单丝罗帐内,纤瘦的身躯自榻上惊坐起,大口喘着粗气。
只喘了三声,木良漪的神志便清醒过来,迅速将呼吸调至寻常。
她屏息听了片刻,睡在套间外面的木府女使并未发出动静,她梦中的失控没有惊醒她。
无声地呼出一口长长的气息,她抬手擦去在面颊上滚动的汗珠。
贴身的软绸也湿透了,黏在背上,湿哒哒,凉丝丝的。
她没去管,后仰身子平躺下去,沁人的凉意让她忍不住打寒颤,伸手替自己掩好被褥,整个裹进被子里之后,才感觉到微微暖意在回转。

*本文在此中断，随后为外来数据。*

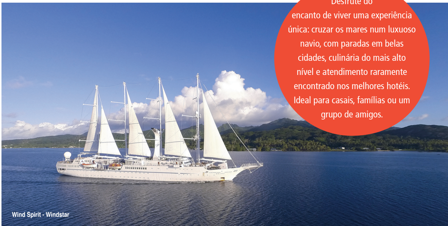
Wind Spirit - Windstar

Desfrute do encanto de viver uma experiência única: cruzar os mares num luxuoso navio, com paradas em belas cidades, culinária do mais alto nível e atendimento raramente encontrado nos melhores hotéis. Ideal para casais, famílias ou um grupo de amigos.

外面传来遥远的鸡鸣声,她在半黑不黑的空间中望着罗帐顶部,睁眼到天明。
上巳
泰和十年。
三月三日,一年一度的上巳节。
水边到处是精心装扮的男男女女,而平日里就很热闹的茶楼酒肆自然更添一重人气。
时下最引人注意的新鲜事在这里汇聚,也在这里流传。
“听说安宁郡主几日前搬出右相府,住进了一位告老还乡的官员的宅邸。
官家下旨,自今以后那便是她的郡主府了。”
“右相恐怕早就巴不得跟这个侄女划清界限了吧。
虽说相府几位姑娘都早已觅得良婿,但眼看着下一辈的孙小姐就要长成,到了谈婚论嫁的年纪。
那位郡主娘娘要是再继续住下去,谁还敢上门提亲?”
此言一出,引得众人发出意味深长的笑。
席间有个别不那么在意脸面的,打开折扇挡住一边脸,□□道:“早就听闻那位娘娘推崇魏晋之风,从不受礼教拘束,既无父母管教,又无亲族约束,虽有金玉之贵体,却是勾栏瓦子里的常客。
只是不知要当她的入幕之宾,需要满足哪些条件?”
他用扇子指了指自己的脸:“是看脸呢……”
说完之后,握扇的手腕微动,扇沿微微下指,眼珠也向下瞥:“还是看别的什么地方啊?”
能跟这人坐在一桌喝茶的,自然不是什么正经人。
听到这样的污秽之语,并无一人出声制止,席上的气氛反倒被推向高潮。
于是其他人纷纷接着这个话往下说,时而冒出不堪入耳的下流之词,惹得旁边一桌书生打扮的年轻人频频皱眉。
离他们最近的一人挪了挪自己的凳子,露出嫌弃鄙夷的神情。
另有临窗一桌,聊的是当今永安城另一个名气盛大的女子的婚嫁之事。
“女少帅自打三年前回京,官家便开始为她挑选夫婿人选。
一转眼三年过去了,怎还未有出嫁的消息传出来?”
“几百年都不一定出一位的女将军,既有军功傍身,又是王爷的亲女,官家的义姐,是既有尊贵又不缺底气,眼光高些也是常情。”